Try it: Omit all pictures. Print the remaining lines exactly, from the start of the data through the line containing "Giroletto con Cassetti".

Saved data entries
|---|

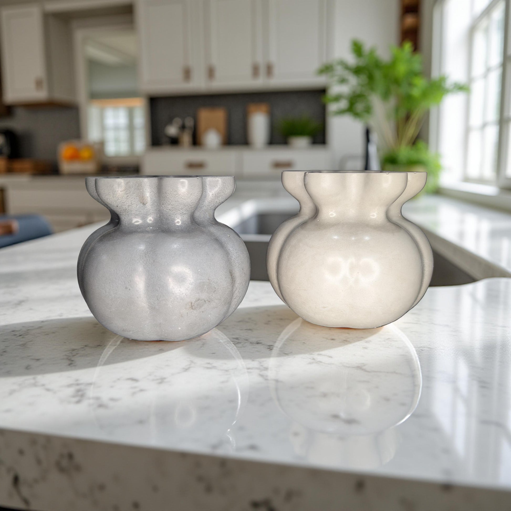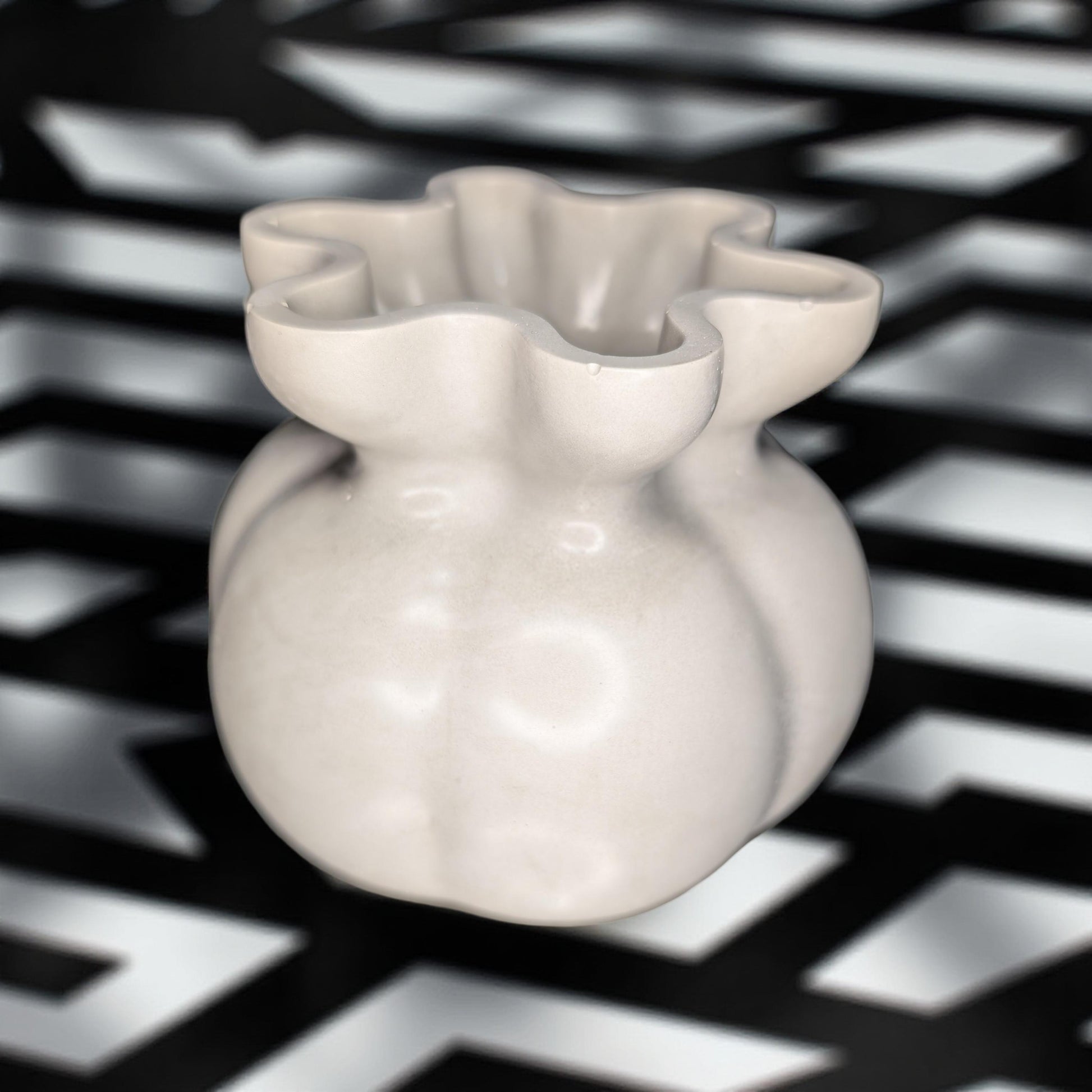 Concrete Bag Vase | Modern 'Bag-Like' Bud Vase with Fluted Rim | Minimalist Shelf Decor | Handcrafted in Grey or Natural Concrete
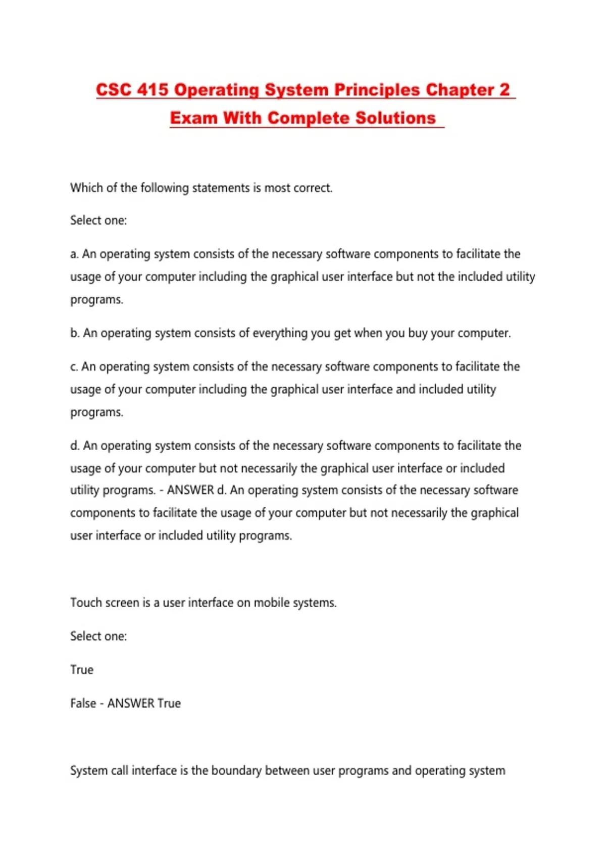CSC 415 Operating System Principles Chapter 2 Exam With Complete Solutions ...
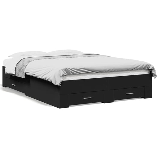 Giroletto con Cassetti Nero 140x190 cm in Legno Multistrato
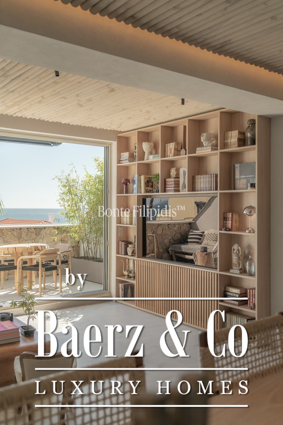Met een woonoppervlakte van 88 m² sluiten de open woonkamer, eetruimte en keuken naadloos op elkaar aan, voorzien van hoogwaardige afwerking en volledig geïntegreerde apparatuur. De woonkamer leidt naar een terras van 19 m² met bar en een buitendouche om verkoeling te zoeken onder de lucht, met een sereen uitzicht op de baai. In het privégedeelte waarborgt de en-suite slaapkamer privacy, terwijl de tweede slaapkamer met zeezicht een eigen balkon en een aparte, complete badkamer biedt.
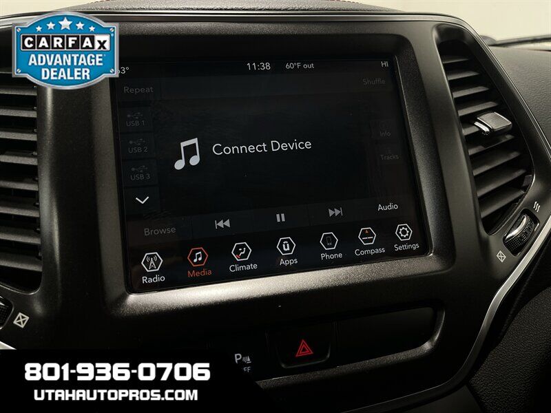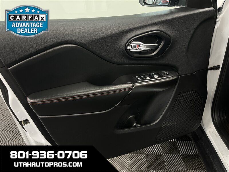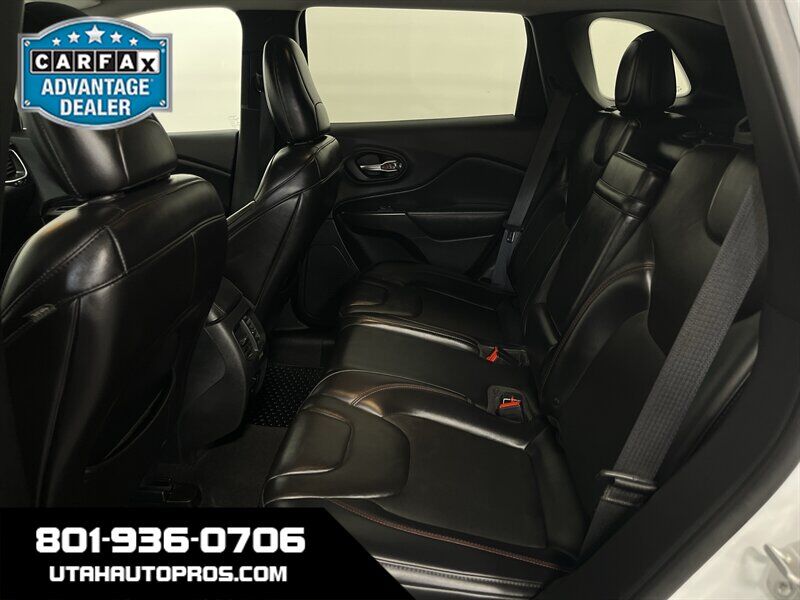 TUFF CHEROKEE TRAILHAWK!!! This is a great looking Jeep Cherokee Trailhawk in a brilliant white with tinted windows and a black leather interior. It is sitting on a small lift, upgraded all terrain tires, good looking wheels, rear ladder, roof rack, push button start, backup camera, bluetooth phone and audio, various drive modes such as sand, snow and rock, remote entry, power windows and door locks, xenon headlights, clean title, runs and drives great. We tend to sell our vehicles quickly so please call and verify availability before heading in. You can check out the rest of our great inventory online at www.utahautopros.com
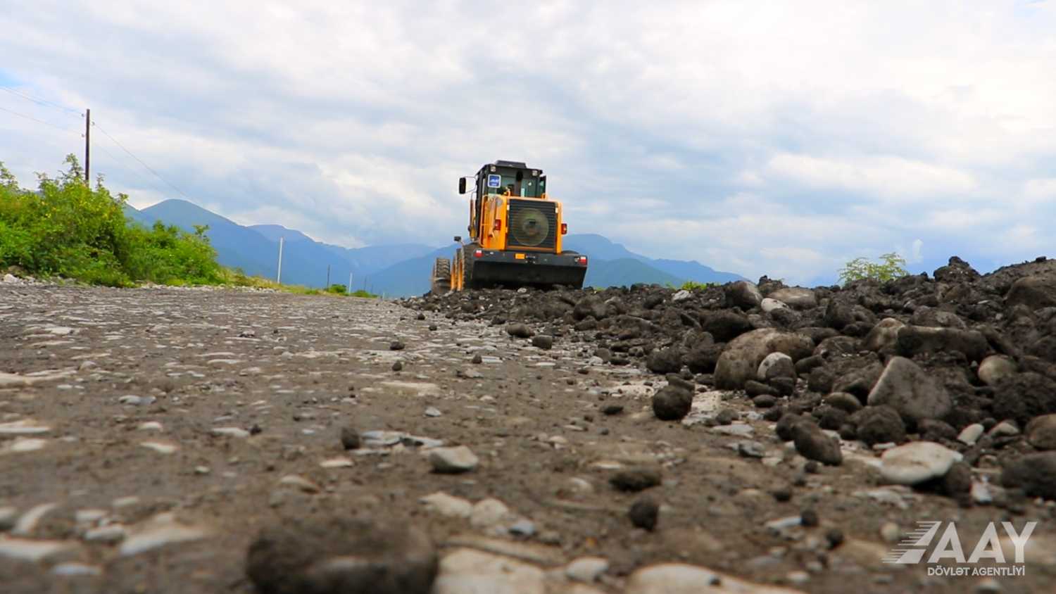 Qaxda bu yolunun yenidən qurulması davam edir - VİDEO - FOTO
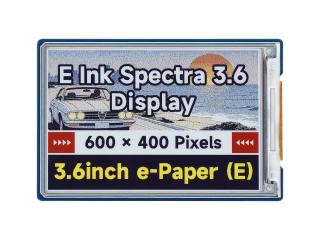 | 3.6inch e-Paper HAT+ (E) | E6全彩色 | 2 | 600×400 | 76.20 × 50.80 | 89.50 × 59.00 | 15 | - | √ | - | SPI |
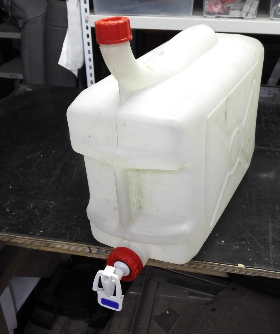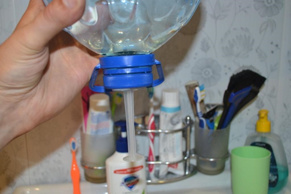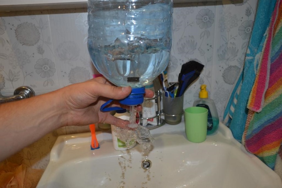 Еще раз хочу заметить, что канистры нужны с двумя крышками: через вторую в рабочем положении такого умывальника должен поступать воздух.
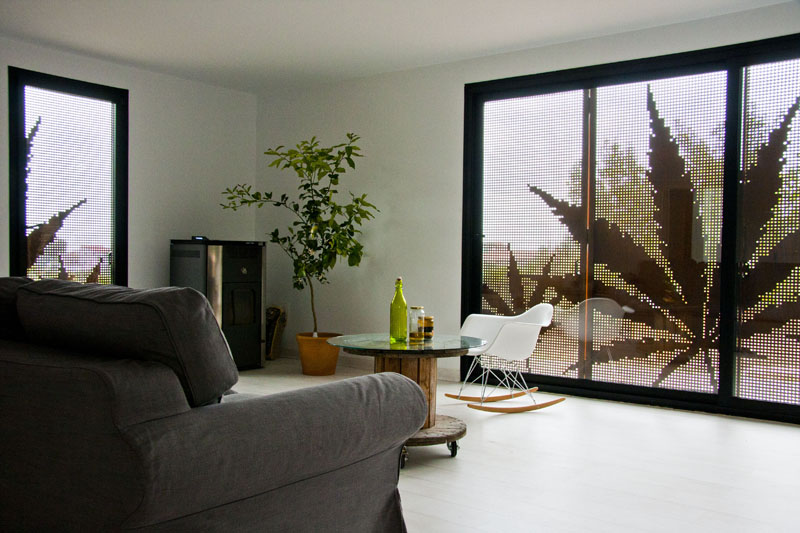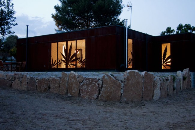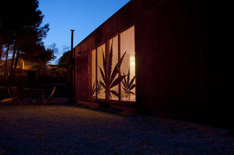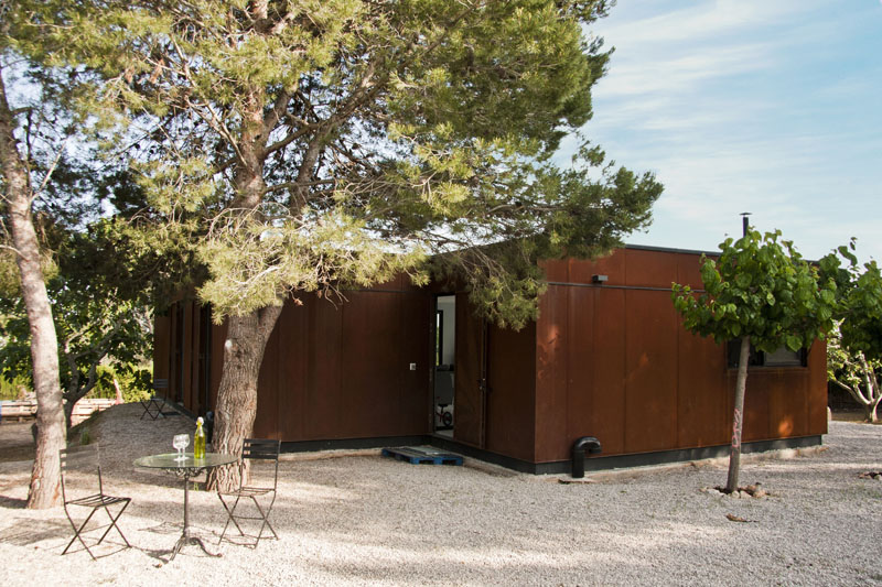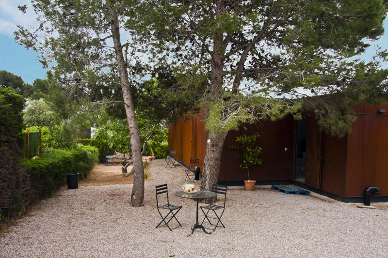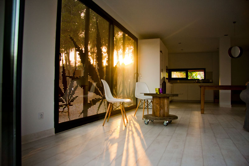 Casa Menta está desarrollada en una sola planta, con un espacio principal de Salón-Comedor-Cocina tipo open space, más dos habitaciones y un baño. Las contraventanas son de acero corten perforado, completamente integradas en la fachada y personalizadas con hojas.
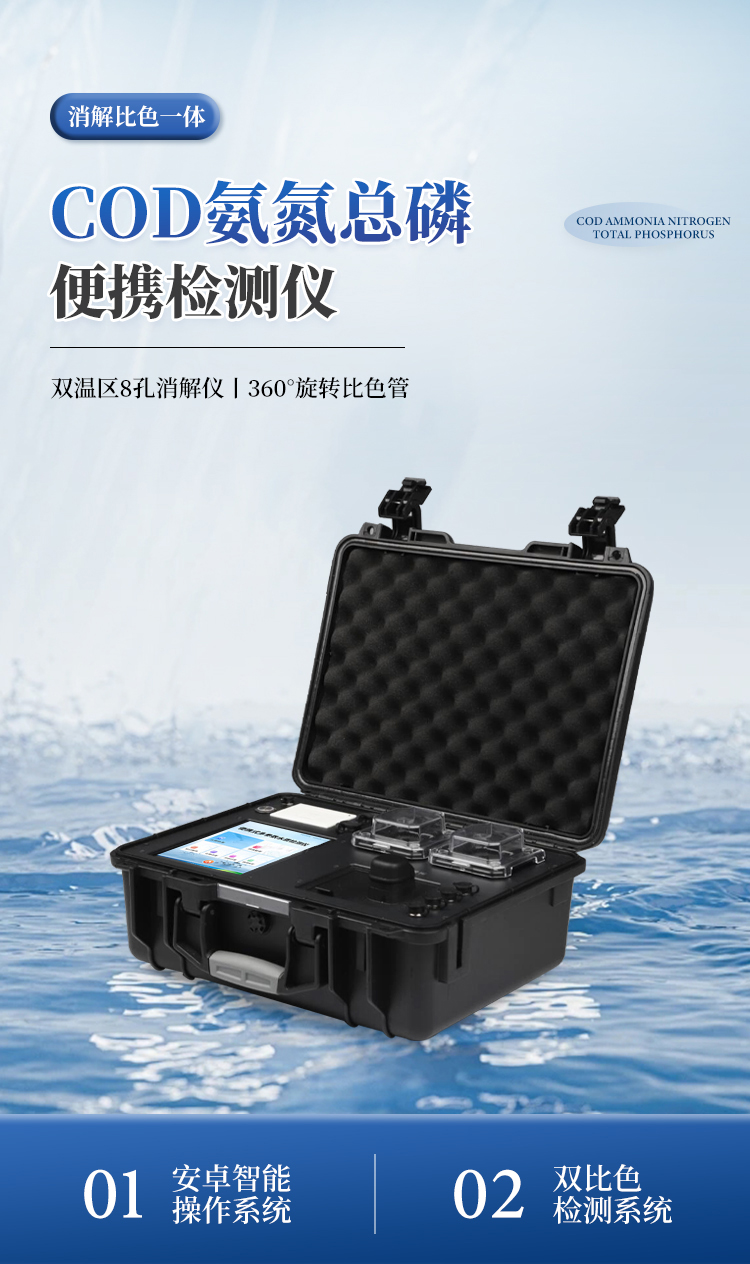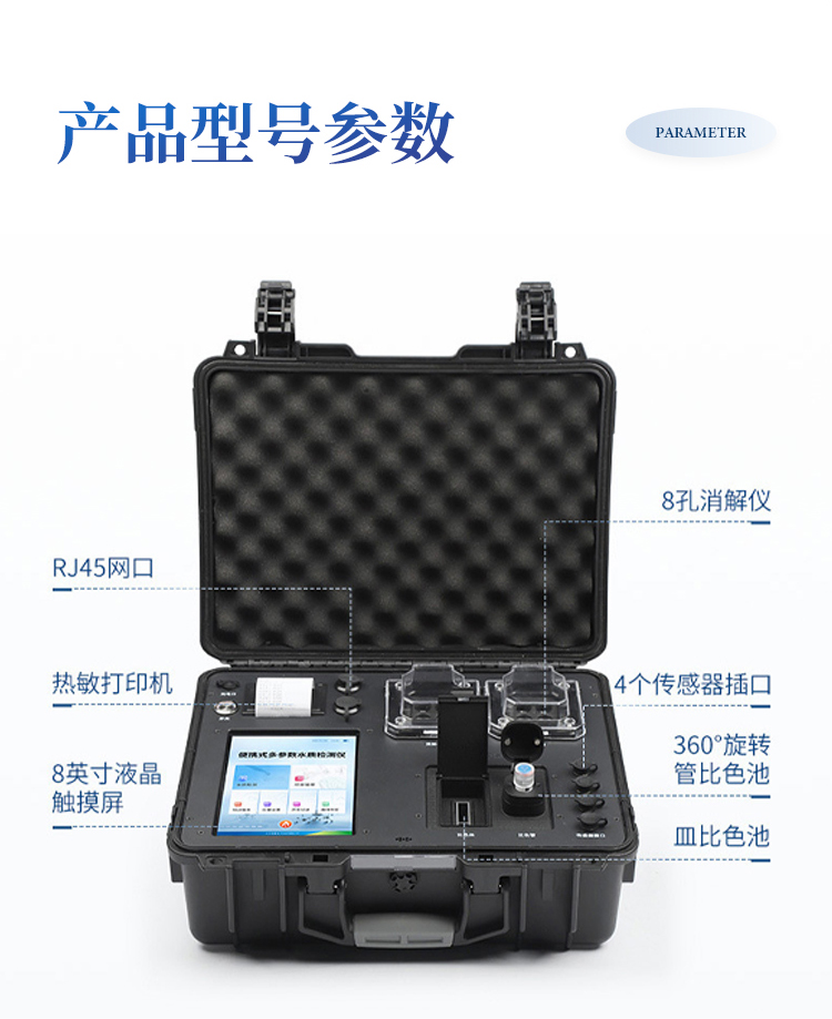 便携一体式多参数水质检测仪集成两种快速检测原理方法(分光法和电极法),采用高强度PVC工程塑料手提箱设计,消解检测一体式设计,其中消解模块具备双温区功能,检测部分同时具备360°旋转比色管检测和比色皿检测,安卓智能操作系统,8英寸高清液晶触摸屏,光纤检测技术,进口光源,内置大容量锂电池,便携多参数水质检测仪具有性能稳定、测量准确、测定范围广、功能强大、操作简单等特点。
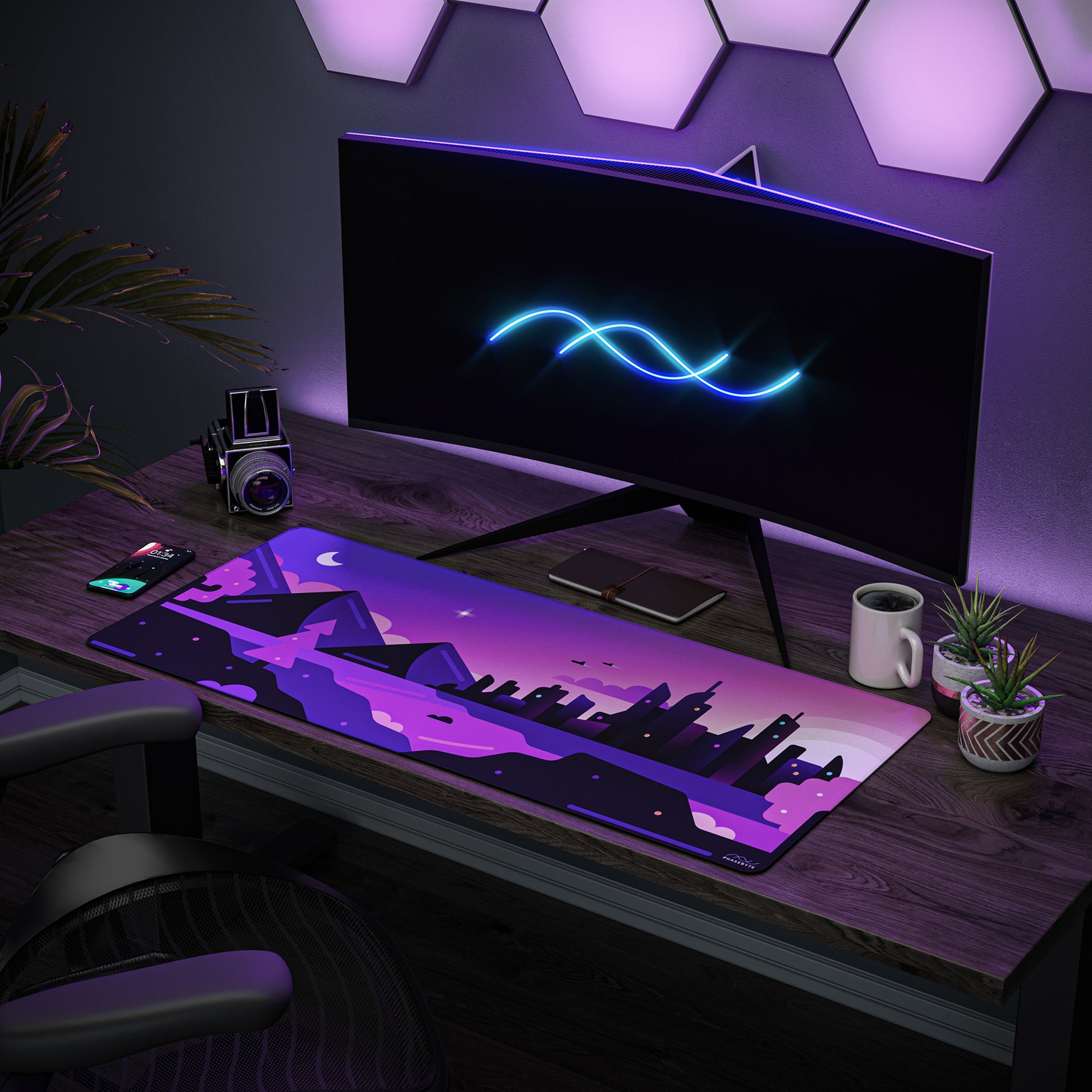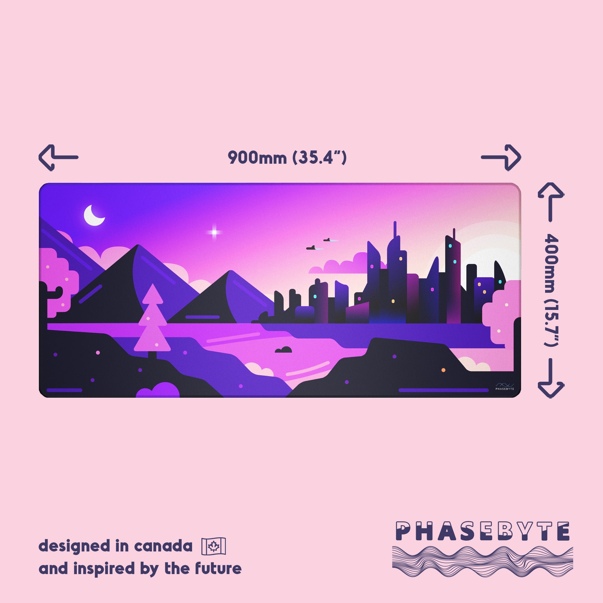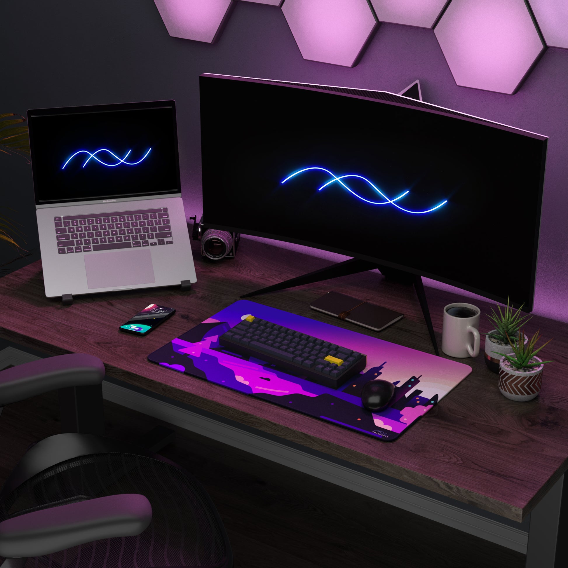 Gradients and simple shapes come together to form a city of the future. Moonrise to sunset, Interstellar City is a beautiful deskmat. The deskmat features a cloth top and rubber underlay with design that runs through the stitching.

|---|

Completed task:
 Concrete Bag Vase | Modern 'Bag-Like' Bud Vase with Fluted Rim | Minimalist Shelf Decor | Handcrafted in Grey or Natural Concrete
CSC 415 Operating System Principles Chapter 2 Exam With Complete Solutions ...
 Giroletto con Cassetti Nero 140x190 cm in Legno Multistrato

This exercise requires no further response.